Single by Josh Baldwin

from the album Evidence
- Released: May 7, 2021
- Recorded: 2020
- Genre: Contemporary Christian; praise & worship; country;
- Length: 3:41
- Label: Bethel Music
- Songwriter(s): Bobby Strand; Ethan Hulse; Josh Baldwin; Steffany Gretzinger;
- Producer(s): David Leonard; Brad King; Seth Talley;

Josh Baldwin singles chronology
| "Evidence (Live)" (2021) | "Into the Wild" (2021) | "There Is Freedom" (2022) |

Music video
- "Into the Wild" on YouTube

= Into the Wild (Josh Baldwin song) =

2021 single by Josh Baldwin

"Into the Wild" is a song by American Christian singer-songwriter Josh Baldwin that was released via Bethel Music on May 7, 2021, as the second single from his fourth studio album, Evidence (2020). Baldwin co-wrote the song with Bobby Strand, Ethan Hulse, and Steffany Gretzinger.

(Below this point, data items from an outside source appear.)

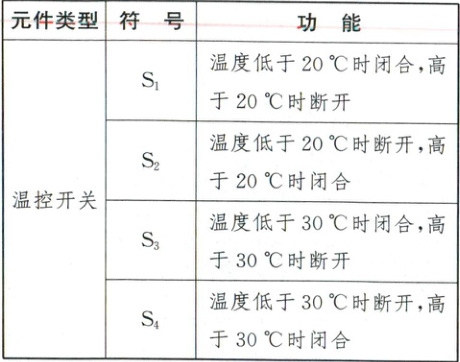 为此,他找到了4个温控开关(功能见表),从中选择两个开关设计了如图所示的电路。
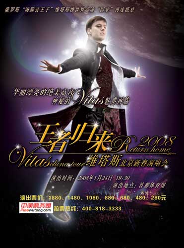 2007年6月之后,無數(shù)“粉絲”引頸期盼的下一輪巡演,在制作人曾經(jīng)神秘的透漏“未來四年內(nèi)將不會再來中國”的惋惜聲中,這次卻以迅雷不及掩耳的速度,將于第一輪巡演后半年再度展開。08年1月的首都體育館,將再次為維塔斯的高音歌聲所震撼。
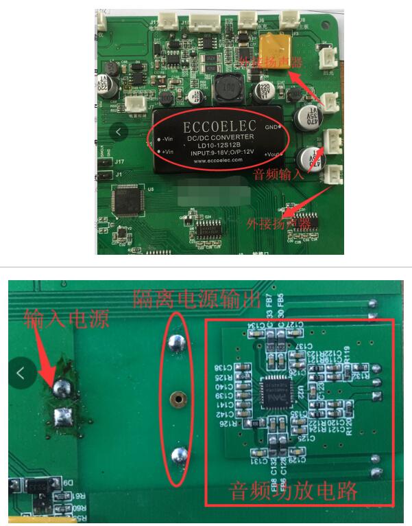 在我拆解小船機器人時候,發(fā)現(xiàn)小船就是用的這種電源隔離方式設(shè)計音頻的,實物拍攝如下圖所示。
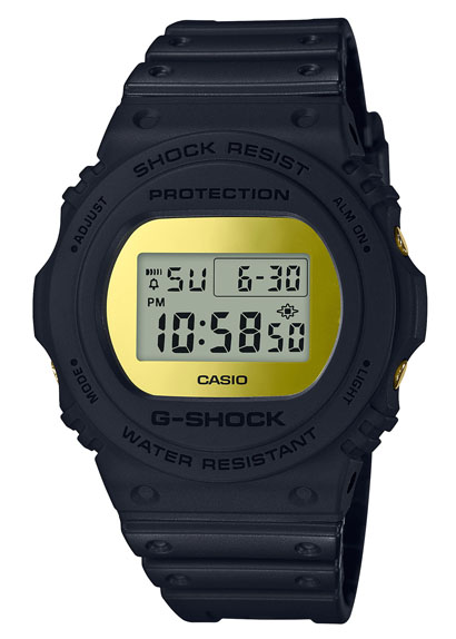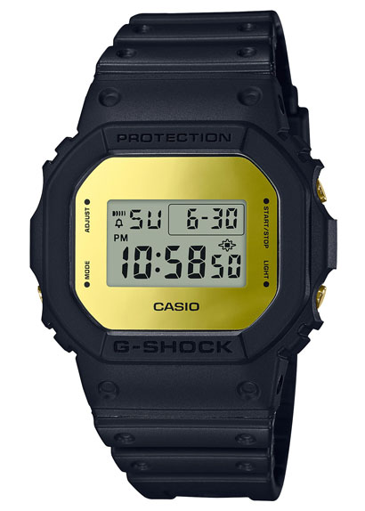 DW-5600、DW-5700をベースに、文字盤をゴールドとシルバーで仕上げたゴージャスな逸品。
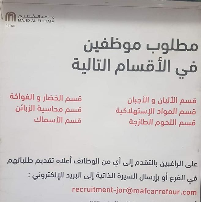 مطلوب موظفين للعمل في جميع اقسام كارفور تصفّح المقالات وظائف شاغرة للعمل لدى مجموعة طلال ابو غزالة وظائف شاغرة لكلا الجنسين براتب 750 دينار في شركة كبرى
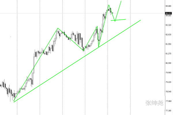 美原油上周开盘在78.901美元/桶,后行情先回落给出77.713美元/桶,后行情强势拉升,周线最高触及到了84.242美元/桶,后行情整理,周线最终收线在了84.129美元/桶,后行情以一根下影线很长的大阳线收线,而这样的形态收尾后,油价延续看涨思路。4小时多头高位强势再放量,形成小周期的台阶震荡上扬,单从短线结构图来看。目前处于多头逼空上涨行情当中。贴着短期均线连续整理放量上扬。短线在未失守台阶次低点之前。趋势上相对偏多,但考虑到日线逼近前高后的多空形态转换。还是要谨防探高回落。日内短线看多不追高。多空转换也就是形态变化的一瞬间。主要关注探高后是快速止涨回落还是维稳上涨。综上所述张绅尧总结:原油震荡上涨,今日高开高走操作先考虑回撤布局多单为主,下方支撑关注83.2-82.6美元/桶,上方关注85.0-85.5阻力,防守在81.5美元/桶。 文章来源【张绅尧】,唯一金牌指导。你给我一份信任,我还你十分财富。为你在迷茫的投资市场指明方向!你在我就在!你赢,我陪你君临天下;你输,我陪你东山再起!【文章最底部添加本人连系方式】 【张绅尧趋势交易】 在交易当中,我们经常会说到“顺势交易”,今天我就和大家谈谈何为势?如何顺势?“势”在字典中的本义是指力量惯性趋向,还有一些大家耳熟能详的成语,比如“势如破竹”、“势不可挡”、“大势所趋”、“势均力敌”等,这些都很好地说明了“势”的重要性。 其实在交易中我们所说的“势”也是一样的道理,是指行情客观运行的方向,换句话讲就是多头或者空头力量惯性趋向,我们把它称为“趋势”,行情的趋势一般分为三种:上升趋势、下跌趋势和震荡趋势。很多人只是把上涨或者下跌认为是趋势,把震荡则认为是无趋势,其实这是有片面性的。任何行情都有它存在的必要性,而且我们必须要去面对。 上涨或下跌趋势,有人曾经提出这样一个理论“上升趋势任何位置做多都是对的,下跌趋势中任何位置做空都是对的”,还有一些俗语“下坡的车子好推”“顺水行舟一人易,逆水划船十人难”,都充分说明了顺势交易永远要比逆势交易盈利几率高。西点军校也有一条铁律“飞来的子弹具有优先通过权”,运用到交易中就说明了不要去逆势交易,否则刺穿进场点瞬间亏损会让你心态随之改变。 震荡趋势就比较简单了,在一个区间内来回折返,我们只需要在区间的上下限去操作就可以了。震荡趋势不同的是要分清此前是上涨还是下跌,如果此前是上升趋势,一旦向上突破就需要跟随此前趋势做多了;反之如果此前是下跌趋势,一旦向下跌破就需要跟随此前趋势做空了;这个就不需要详细解释了,因为这种横向整理多位中继形态。所以震荡趋势在区间内就采用高抛低吸操作,一旦突破区间就必须顺着此前的趋势去操作。 本文由张绅尧(zsy91598)供稿,解读世界经济数据,剖析全球投资大趋势,对原油、黄金、白银等大宗商品等有深入的研究。
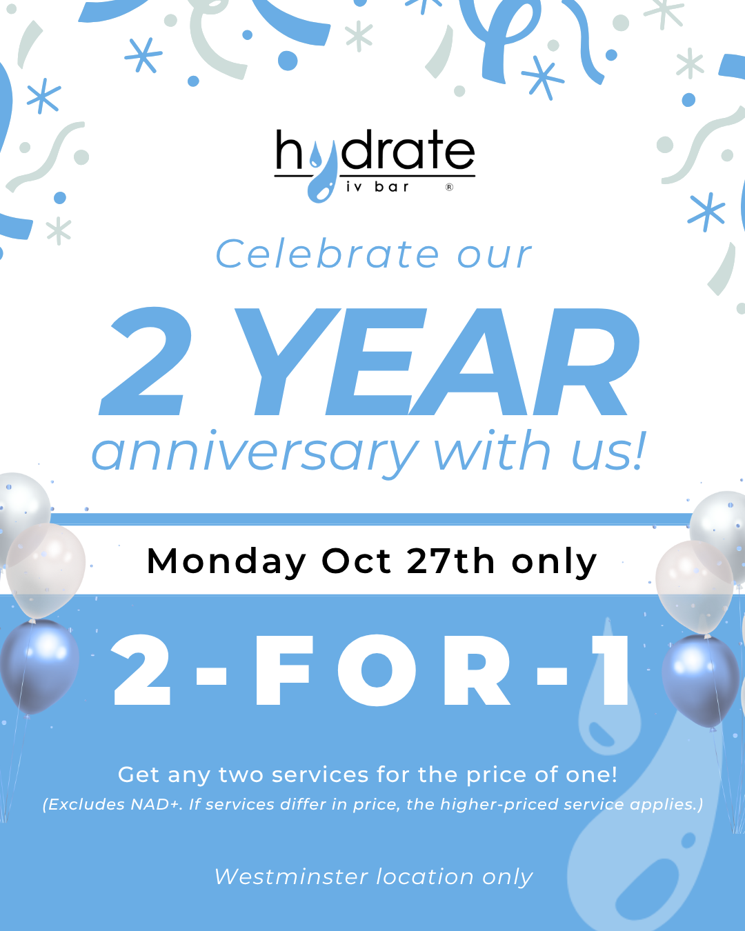 Come celebrate Hydrate IV Bar Westminster's 2nd Anniversary from 10am-6pm on October 27, 2025! To celebrate, Hydrate IV Bar Westminster will be offering [...]
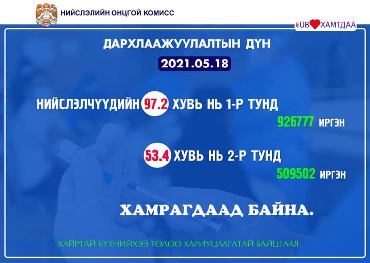 Өчигдөр нийслэлийн хэмжээнд I тунд 1827, II тунд 12248, нийт 14075 иргэнийг дархлаажуулалтад хамруулжээ. Вакцинжуулалт эхэлснээс хойш нийслэлийн 18-аас дээш насны иргэдийн 97.2 хувь буюу 926777 нь I тунд, 53.4 хувь буюу 509502 нь II тунд хамрагдаад байна.
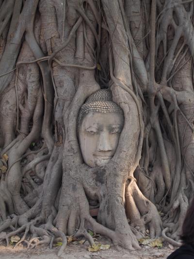 アユタヤといえばこちらの仏頭が有名です。写真を撮るときは仏さまより低くないのでしゃがんで撮影します。多くの人がいますが、何となく波があるので少し待てば写真が取れます。また、入口には禁止の看板があり、「イチャイチャだめ」の文句も面白かったです。
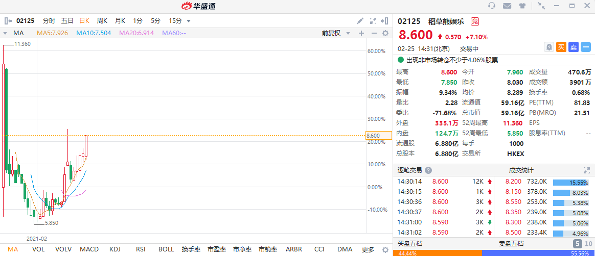 华盛资讯2月25日消息,次新股稻草熊娱乐本月持续上涨,月内累计涨超40%。截至发稿,稻草熊娱乐大涨7.1%,现报8.6港元每股,暂成交3901万,当前总市值为59.16亿港元。
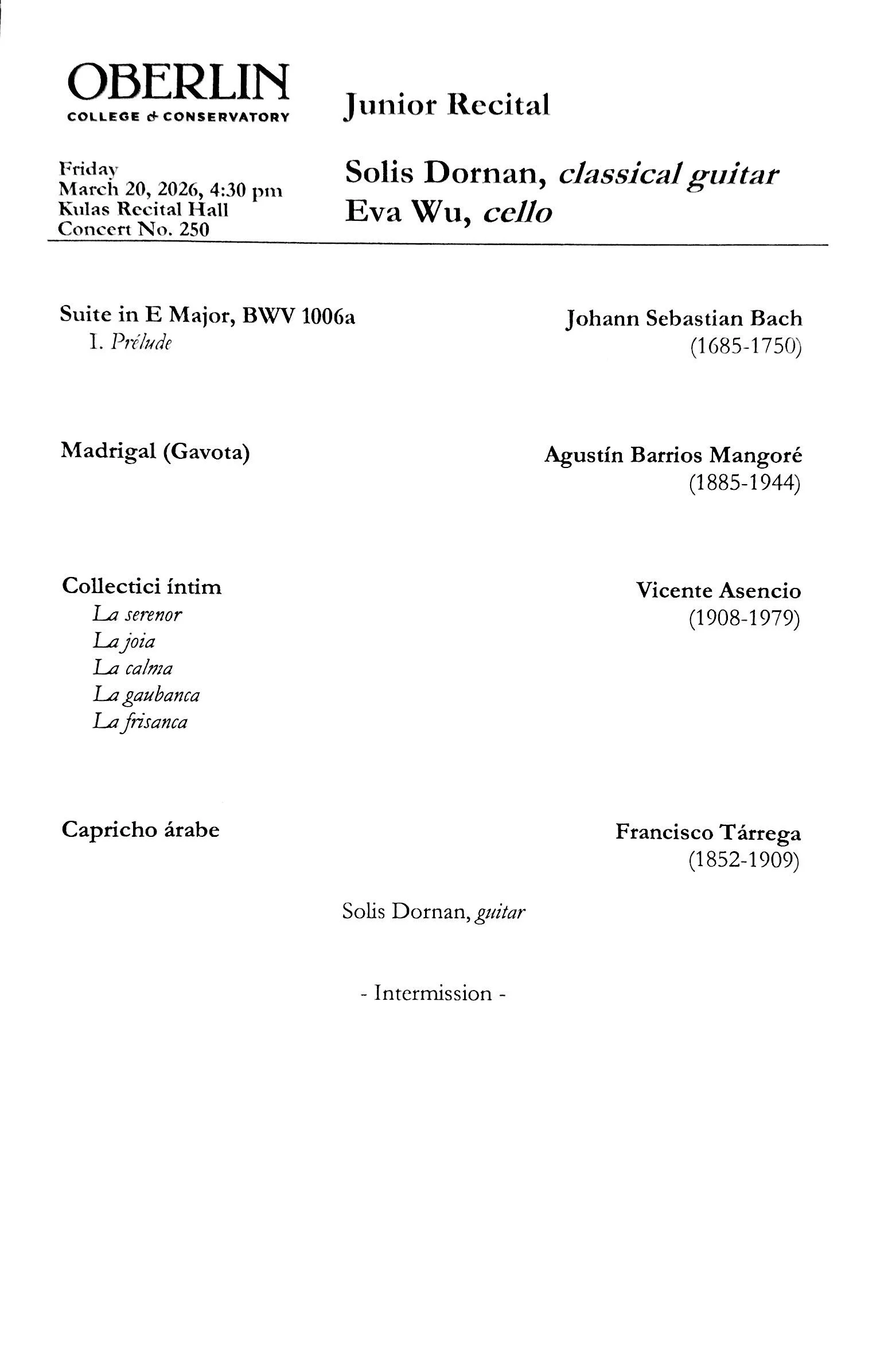 Solis played his third Oberlin recital on Friday this week, in a program he shared with another junior, a cello student. (Throughout the years, I’ve normally had my juniors play full-length Junior Recitals, but as Conservatory policy requires Junior Recitals to be shared—in an effort to maximize space usage—we can only arrange full-length ones in certain venues and at certain times. In this case, Solis needed to accommodate his family’s travel needs, so he went early and played the customary shared program).
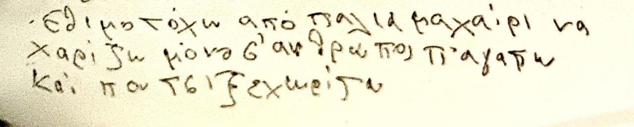 In Greek, it rhymes. In English: "It is an old tradition of mine to gift knives to people whom I appreciate and stand out". In Greek: Έθιμο το 'χω από παλιά μαχαίρι να χαρίζω σ' ανθρώπους που τους εκτιμώ και τους ξεχωρίζω. How to to pronounce: Éthimo to 'cho apó paliá machaíri na charízo s' anthrópous pou tous ektimó kai pou tous xechorízo. Many were made by an Armenian immigrant to Crete who made knives for over 60 years. I have one of his made in his latter years - not sure if he is still alive. last I read, his sons did not want to carry on the business. The knife maker trade there is pretty much extinct. Not many makers/shops left, tho there are a few. The 'Armenian' as he is know there, made the best ones. |

"Into the Wild" peaked at No. 35 on Billboard's US Hot Christian Songs chart.

==Background==
On September 16, 2020, Bethel Music announced that "Into the Wild" would be the next single following "Evidence" with its release slated for September 18, 2020, in the lead-up to the release of Baldwin's album Evidence set for October 2, 2020. "Into the Wild" was subsequently released as the album's first promotional single, accompanied with its music video.

==Composition==
"Into the Wild" is composed in the key of C with a tempo of 104 beats per minute and a musical time signature of 4/4.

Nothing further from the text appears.